I think there's a small typo here.  The σ2Game needs a factor of 2, since removing the player uncertainties (σA= σB=0) should yield the standard Gaussian Elo result: Φ(μA - μB, 21/2β)

Also, if you want a non-zero draw probability, throw in a draw margin ε.  For Isotropish, ε≈2.2, which corresponds to a (somewhat inaccurate) draw rate of 5%.  More empirically accurate would be ε≈0.78 (1.75%).



1st, this was all off the top of my head, so it wasn't entirely precise. Forgot the 2, though it's not the most accurate thing to say that this is the "standard Gaussian Elo result" - all the actually-running Elo systems use a Logistic function, not a Gaussian; to be fair, Elo originally proposed Gaussian distributions, but... he doesn't actually say that this is the right figure; he explains in section 8.23 of his book (which is sitting on the arm of my chair as I type this) how you might get that figure, but eventually doesn't model players' variances separately, arguing that even if they're far different, it ends up not making so much difference. And indeed, in the Elo system, as he proposed it, there is just one variance that gets used, and it's an entirely irrelevant scale factor (well, ok, it makes a difference, but it's a scale factor - basically all it does is make the numbers different, without changing the predictions of the system, similar to a "double it, double the gaps between the ratings" (though not actually quite this simple)).

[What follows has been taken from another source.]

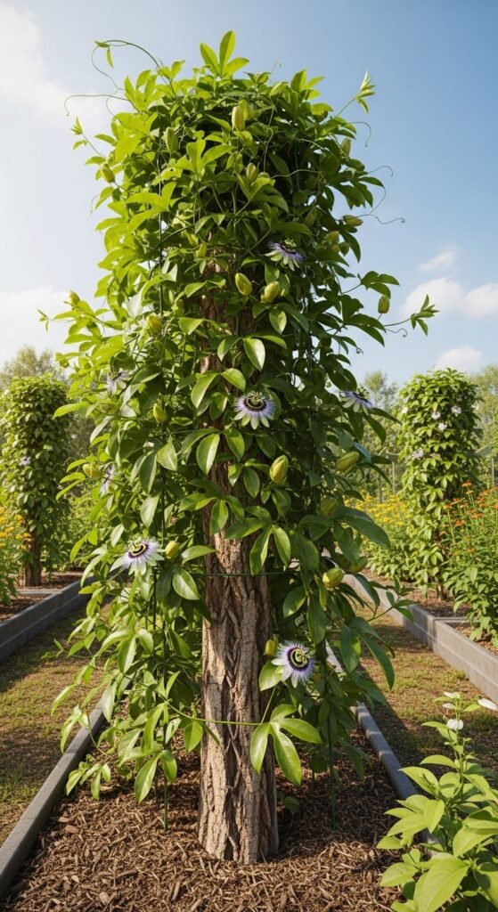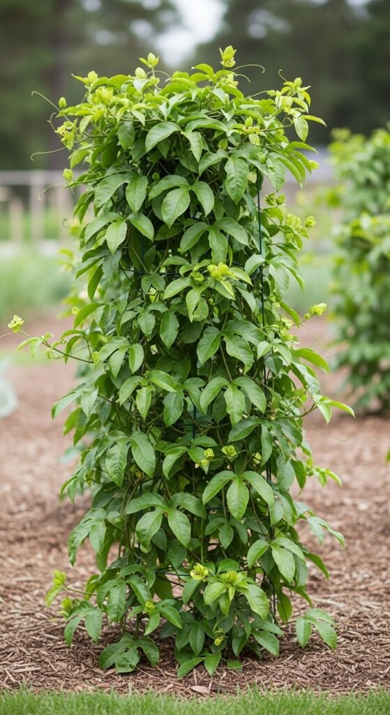 Passionfruit vines are vigorous climbers needing strong supports as part of essential care. Install a trellis, arbor, or wire framework at planting to guide growth upward, preventing tangling and improving sun exposure. Materials like galvanized wire or bamboo offer durability against the vine’s weight when fruit-laden.

And actually, your explanation of where the 2 comes from doesn't actually make sense - the entire reason a two is there is because there are two players, and when you take a difference between two Gaussians, you get a Gaussian with mean equal to the differences of the mean and variance equal to the sum of the variance, which if you have equal variances (sigmaA = sigmaB) is simply sigmaA^2 + sigmaB^2 = 2sigma^2. That's actually why the 2 is there.

As for the draw probability, you need to have something if you want to model explicitly the chance at a draw, you need a paramter, yes, but I was actually doing the common convention of treating a draw as a simultaneous half-win and half-loss, or to put it more simply, I'm giving not the probability of a win, but the expected score - which is equivalent to (Wins + Draws/2)/(Games)

But yeah, there should be a 2 there, and at least some forms of TS do explicitly model draws differently, so there is that.